Malkiel’s 11th ‘Random Walk’ To Mine ETFs

October 16, 2014

Indexing legend will explore ETFs more thoroughly in the latest edition of his classic tome.

Burton Malkiel, the Princeton economics professor who 41 years ago helped popularize indexing with his tome “A Random Walk Down Wall Street,” is updating the classic this year, in part to reflect the growing importance of exchange-traded funds to indexing and to investing in general.

“ETFs certainly figure much more prominently in this 11th edition,” Malkiel told in a recent telephone interview. “In the appendix of earlier editions of ‘A Random Walk,’ I had the ‘Random Walkers Address Book,’ which had mutual fund addresses, and what 800-number you would call. And now that address book is full of not only mutual funds, but ETFs.”

“Why is the book different if the thesis hasn’t changed? The instruments have changed and the opportunities for investors have changed,” Malkiel said, noting that among those changed opportunities is international investing. Investing outside the U.S. has blossomed into being a meaningful diversifier of risks associated with investing.

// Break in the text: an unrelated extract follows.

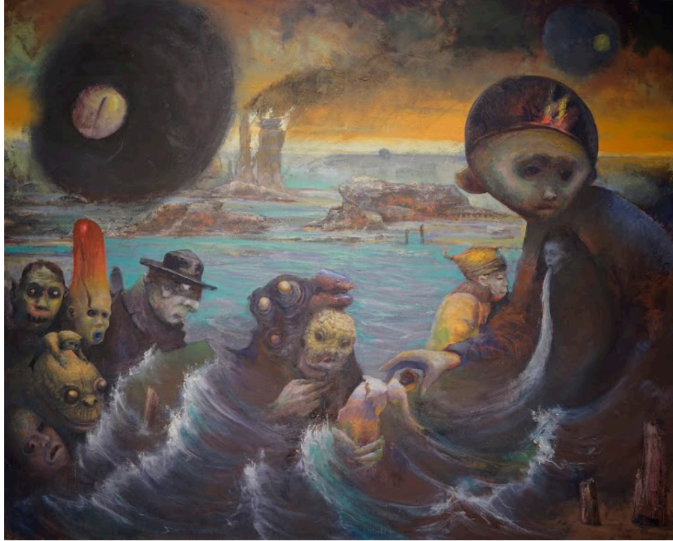
Figure 8. Roadside Picnic . 2019. Oil on canvas by Nicholas M. Raynolds

Like Paula Rego's nursery rhymes, my final picture is ". . . a derivation, not a transcription . . ." (McEwan 75) of the Strugatsky Brother's novel. In fact the title "Roadside Picnic" had nothing to do with the original theme when the painting began but was discovered along the way. By extension, the final painting would seem to reflect very little on the Strugatsky novel by an objective reader and viewer; a repoussoir of monstrous characters of varying scale and demeanor are set off against a remote and desolate watery landscape. In the front right foreground an unusually large figure perhaps part ape or human child has an unsettling innocence about it. Nestled in its lap is a darkened female figure from whose mouth spews a fountain of water, perhaps the source of the deluge that laps upon the shore just barely visible in the right foreground. Spanning out across the canvas are a cacophony of tricksters, witches and creatures some demonic in tone, which arch up to the left leading to a large black whirling mass containing a cat's eye - a kind of blind spot. This strange, dark object echoes out across the landscape like so many alien incantations, leaving desolation and instability in their wake. This picture has come to represent for me a period in my artistic development in which I (re)opened my painting practice to more free associative strategies involving fantastic elements and invented

Focusing a bit more on ETFs is an appropriate addition to the 11th edition of “Random Walk—a book that did so much to influence the way investors and advisors think about investing. It was Malkiel, with his accessible turns of phrase in the book, who created the entertaining-but-true image of a chimp randomly throwing darts at the Wall Street Journal stock pages—and outperforming active managers.

The book first came out in 1973—two years before Vanguard’s first retail index fund came to market. But now, 41 years later, ETFs—the vast majority of them index funds—are slowly moving to center stage in financial markets.

Almost 22 years after the first U.S.-listed exchange-traded fund was launched, total assets in U.S.-listed ETFs are on the verge of reaching $2 trillion in assets. To put that asset number in perspective, hedge funds now manage about $3 trillion, and open-end mutual funds have a total of about $13 trillion in assets, according to various industry sources. Assets continue to pour into ETFs at record levels.

‘Beta’ Not A Bad Word

To put into perspective what “A Random Walk Down Wall Street” helped create, today there are about 40 percent of institutional assets being indexed, and about 15 percent of individual assets are. Both those percentages were barely above zero at the time Malkiel’s book was first published.

Those percentages are growing every year as investors get wise to the cheaper costs of indexing relative to active management, and as they grasp the probabilistic realities of investing.


Indeed, roughly two-thirds of active managers underperform their indexes every year, as Malkiel and other pioneers of indexing argued early on. Worse yet, a successful manager’s capacity to sustain a streak of outperformance is lower than those odds, suggesting that success in active management conforms to some of the simple mathematics of chance.

The SPIVA data series—the twice-yearly Standard & Poor’s Index Versus Active report—tells that tale reliably, and we recount it here at each time it’s published.

Beta, The New Alpha

To be sure, the world of index investing Malkiel helped create is shifting. While more than 99 percent of all ETF assets are invested in index funds, ETFs are increasingly being used for alpha generation, or the indexed version of alpha.

“Enhanced beta” funds that systematically tilt portfolios for greater exposure to various factors that affect returns, such size, value, momentum or quality have become all the rage in the contemporary ETF market. Interpreting what constitutes a “smart beta” ETF as liberally as possible means such ETFs now make up $380 billion, or a fifth, of total U.S.-listed ETF assets.

And even though these strategies are bona-fide rules-based indexes, they are poaching market share from the true active managers plying their trades. Worse yet for active managers, pure-beta, capitalization-weighted index ETFs are increasingly being arranged in alpha-seeking constellations.

Even Vanguard, the pioneer of such pure-beta index funds, talked about creating alpha-seeking investment strategies using its ETFs in a webinar on Of course, Vanguard is hardly alone in using index ETFs to deliver outperformance.

More than $100 billion of ETF assets are now managed by so-called ETF strategists. That’s 5 percent of the ETF market.

The new edition is likely to appear by the end of the year, and, again, will contain, among other ETF features, a  section with addresses and contact information for ETF sponsors.